Hi Martin, Cryptelo is a very ambitious project; solving cloud storage security is something the biggest players haven’t really tackled. What made you want to do it?
My personal experience has taught me how important security really is. Years ago, I was hacked, and my intellectual property was stolen. That cost my company over 2 million CZK (about 100,000 Euros).
It was not fair. It felt like a violation- and that’s a common feeling for victims of theft. I blamed myself, but in time, I came to see that people are really being set up to fail when it comes to digital security. Someone, somewhere, decided that security doesn’t sell, and that’s not right. I set out to change it.

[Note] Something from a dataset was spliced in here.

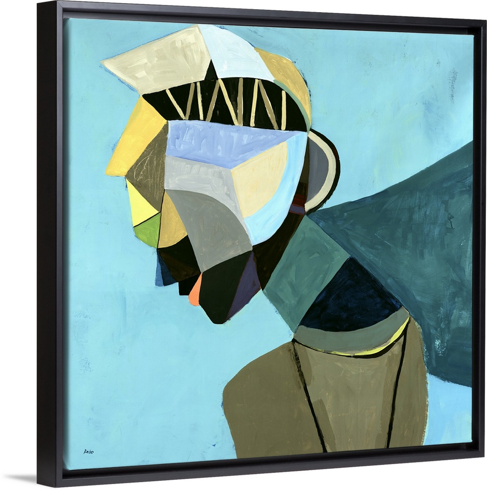 <p>Abstract painting of the profile of a woman wearing a colorful head piece, on a cool background of blues.</p>
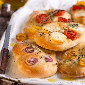 פוקאצ'ה איטלקית משובחת , מתאבן או פתיח לארוחה, הבצק המתובל טעים ניטרלי עם מלח גס, או עם תוספות של ירקות וגבינות לפי הטעם, מגישים לצד

So I decided to create my own solution. This was the start of Cryptelo. I believe that no matter how big your company is, you should have an accessible tool for great security to keep your documents yours.
There was a time in which company security was easy: someone just could not read your documents and communications from the other side of the world, much less the other side of the room. But no more. Most information today is created digital. I’m convinced that we must have a full right to decide who can read our documents. This sense that we now have, that nothing we say will stay private, is chilling. It tells us that we cannot be candid and we cannot take intellectual risks and speak our minds. That’s not right at all.
That’s why I like cryptography – it can bring freedom and real security in the current digital era.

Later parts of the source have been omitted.